*Dataset excerpts*
%%
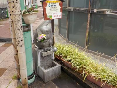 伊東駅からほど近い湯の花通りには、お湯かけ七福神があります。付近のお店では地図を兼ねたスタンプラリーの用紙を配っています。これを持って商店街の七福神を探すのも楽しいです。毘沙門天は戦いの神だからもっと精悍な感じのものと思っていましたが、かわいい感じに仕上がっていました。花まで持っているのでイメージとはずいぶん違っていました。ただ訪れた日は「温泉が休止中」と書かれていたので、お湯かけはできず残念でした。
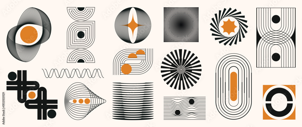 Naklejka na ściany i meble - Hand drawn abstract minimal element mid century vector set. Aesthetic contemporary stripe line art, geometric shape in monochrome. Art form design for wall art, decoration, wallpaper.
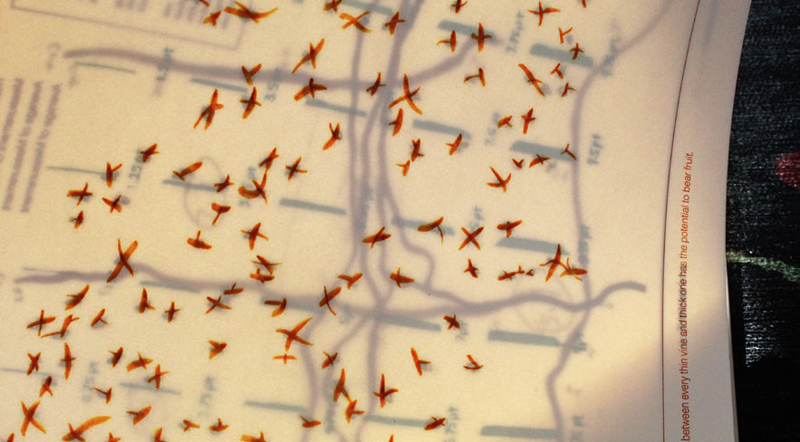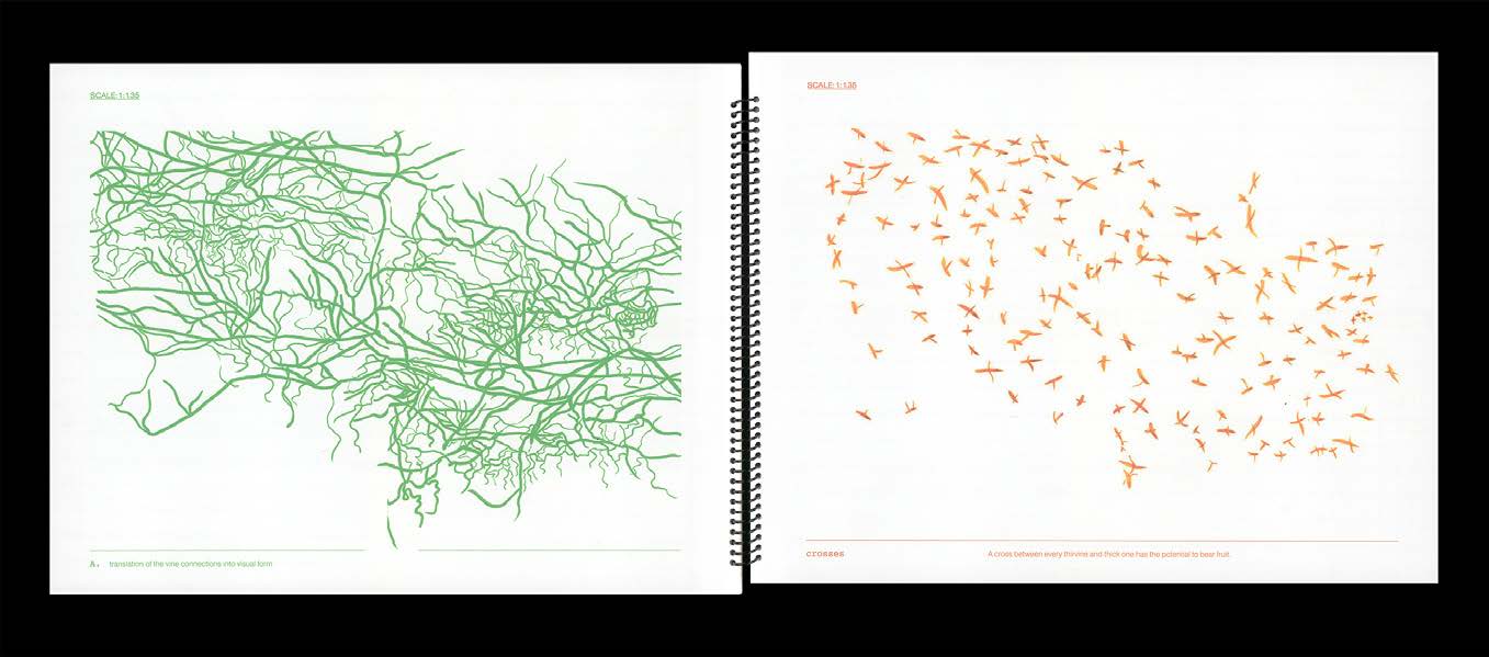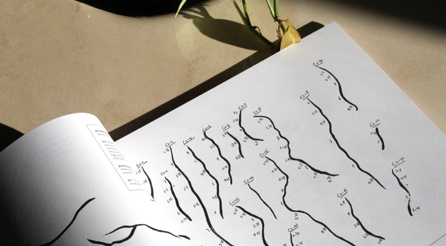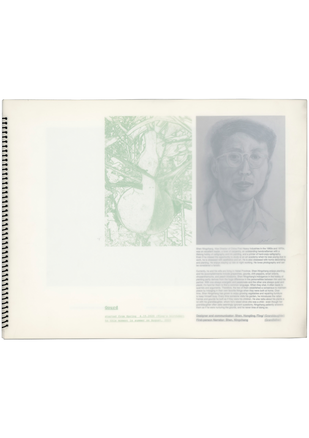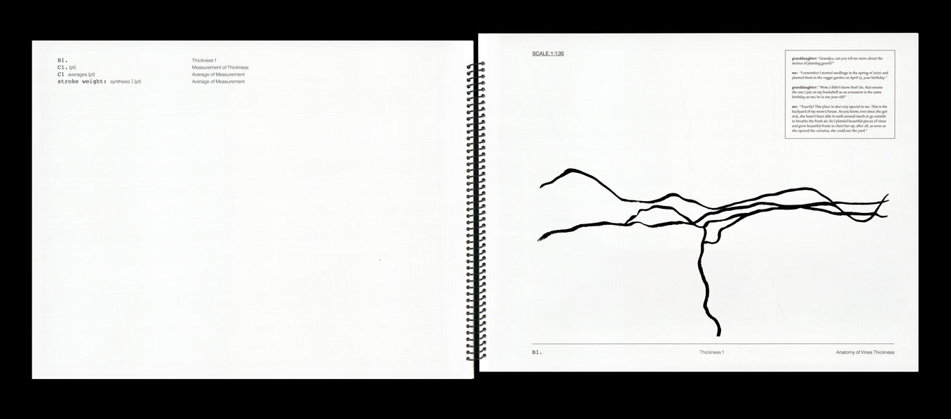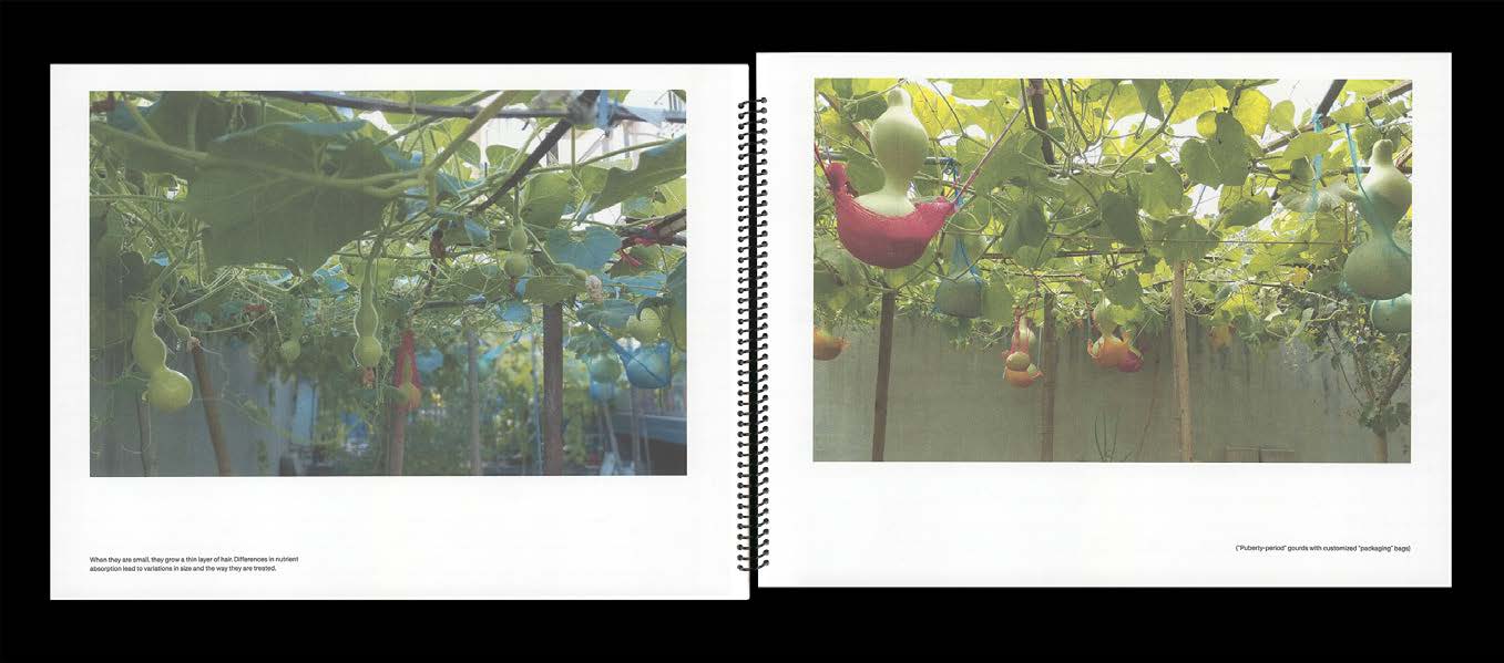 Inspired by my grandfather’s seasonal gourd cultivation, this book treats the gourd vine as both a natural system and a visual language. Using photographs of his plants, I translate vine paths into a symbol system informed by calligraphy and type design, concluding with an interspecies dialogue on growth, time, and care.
%%
%%
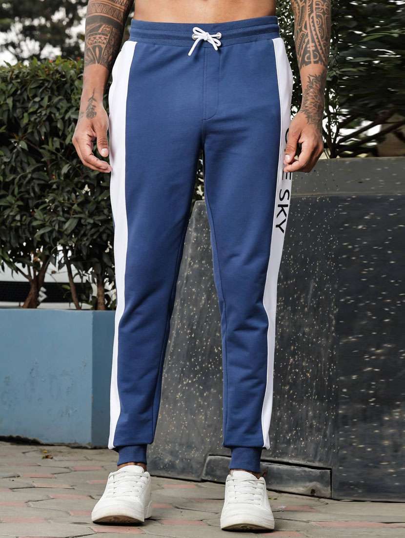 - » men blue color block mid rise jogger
%%
%%
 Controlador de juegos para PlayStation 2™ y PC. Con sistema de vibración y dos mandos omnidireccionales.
%%
Repeat, without pictures, exactly the lines of the data above from the one containing "伊東駅からほど近い湯の花通り" through the one containing "Inspired by my", including both and adding nothing.

 伊東駅からほど近い湯の花通りには、お湯かけ七福神があります。付近のお店では地図を兼ねたスタンプラリーの用紙を配っています。これを持って商店街の七福神を探すのも楽しいです。毘沙門天は戦いの神だからもっと精悍な感じのものと思っていましたが、かわいい感じに仕上がっていました。花まで持っているのでイメージとはずいぶん違っていました。ただ訪れた日は「温泉が休止中」と書かれていたので、お湯かけはできず残念でした。
 Naklejka na ściany i meble - Hand drawn abstract minimal element mid century vector set. Aesthetic contemporary stripe line art, geometric shape in monochrome. Art form design for wall art, decoration, wallpaper.
 Inspired by my grandfather’s seasonal gourd cultivation, this book treats the gourd vine as both a natural system and a visual language. Using photographs of his plants, I translate vine paths into a symbol system informed by calligraphy and type design, concluding with an interspecies dialogue on growth, time, and care.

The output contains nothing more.